Molti dei difensori di questa Legge e di questo Articolo, attaccato a più riprese da governi e padroni da un quindicennio a questa parte, si sono appellati ad essi come a “norme di civiltà” di per sé inalienabili, arrivando a sostenere che la loro cancellazione avrebbe significato la cassazione della Costituzione Italiana dai luoghi di lavoro.

Ora il governo Renzi, dopo aver negato a più riprese che fosse questo il vero problema per la “ripresa” dell’economia italiana (sostenuto dalle dichiarazioni “concilianti” del presidente di Confindustria Squinzi), ripropone l’“affondo” sull’Articolo 18, dentro il pacchetto di precarizzazione diffusa che corrisponde al “Jobs Act”.

Perché e per cosa?

Ricordiamo a tutti gli smemorati (o presunti tali) che già due anni fa, con la Fornero (sotto il governo “tecnico” di Mario Monti e con l’appoggio di quasi tutto lo schieramento parlamentare, PD in primis), si diede il via libera ai “licenziamenti individuali per motivi economici”; i quali, pur se “immotivati”, non avrebbero più fatto scattare la “reintegra”, ma un “risarcimento economico” per il lavoratore vittima del sopruso.

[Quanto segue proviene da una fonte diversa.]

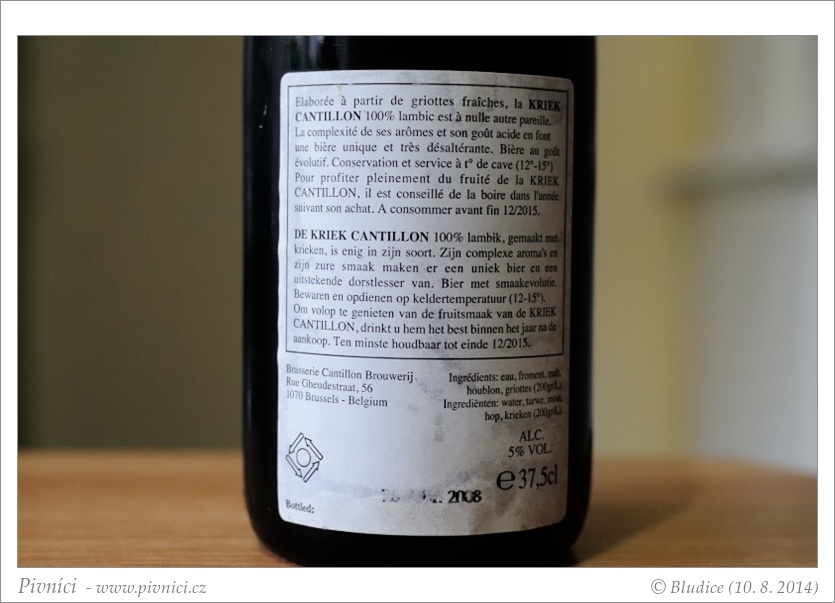 Opravdu výrazně kyselý Kriek. Zpočátku to byl trochu šok, ale když si člověk zvykne, je velmi chutný a zajímavý. Příště bych si ho ale radši dala čerstvější.Lahvováno: 16. dubna 2008

E con questo l’Articolo 18 veniva ampiamente aggirato e sbeffeggiato.

Ricordiamo ancora -qualora ce ne fosse bisogno- che da un lato la polverizzazione in micro imprese del panorama produttivo italiano fa sì che su oltre 11 milioni di operai ed impiegati poco più della metà siano coperti da questa Legge (non applicabile al di sotto dei 15 dipendenti); e che dall’altro lato proprio la continua e diffusa precarizzazione (sostenuta a più riprese in maniera “bipartizan” in parlamento) abbia nei fatti enormemente allargato lo spettro dei lavoratori “esclusi”.

Ricordato questo, abbiamo già in parte risposto al quesito posto precedentemente.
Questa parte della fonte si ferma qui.